# Help! My dryer keeps wearing out rollers!



## jcalvin (Feb 6, 2008)

You aren't using it to mix concrete are you?


----------



## dSilanskas (Mar 23, 2008)

Sounds like a bad dryer


----------



## JDokter (Mar 12, 2009)

jcalvin said:


> You aren't using it to mix concrete are you?


 
Nope, just normal laundry for a family of three. :wallbash:


----------



## gma2rjc (Nov 21, 2008)

What kind of gun were you thinking of using? :laughing:


----------



## Chemist1961 (Dec 13, 2008)

Mine is getting noisey again after about 8 years, but it's 30 years old. Replace the pads up front and the shaft and bushing at rear. While you're in there clean the vent duct inside and inspect your belt for cracks and check the element.
THEN CHECK IT FOR LEVEL. IF IT IS RUNNING OUT OF LEVEL ON A SLOPED BASEMENT FLOOR CENTRIFIGAL FORCE IS YOUR ISSUE.:thumbsup:


----------



## JDokter (Mar 12, 2009)

Chemist1961 said:


> Mine is getting noisey again after about 8 years, but it's 30 years old.

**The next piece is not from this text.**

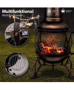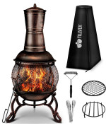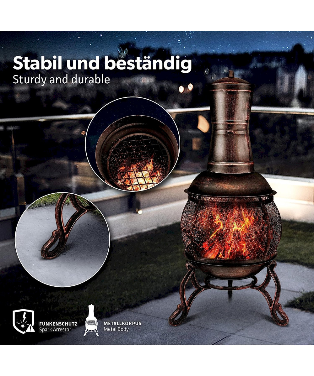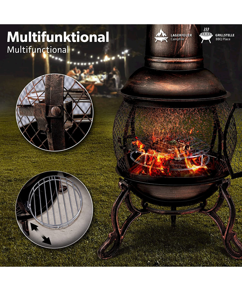 Terrassenofen mit Funkenschutz, Grillfunktion und Zubehör 105cm bronze

Replace the pads up front and the shaft and bushing at rear. While you're in there clean the vent duct inside and inspect your belt for cracks and check the element.
> THEN CHECK IT FOR LEVEL. IF IT IS RUNNING OUT OF LEVEL ON A SLOPED BASEMENT FLOOR CENTRIFIGAL FORCE IS YOUR ISSUE.:thumbsup:


 
Ok never thought about it being level. I'll definately check that. The last go round I replaced the heating element and the belt is about a year old at best.


----------



## kenmac (Feb 26, 2009)

Is it the same roller each time of both ? If it's the same 1 . something is out of alignment


----------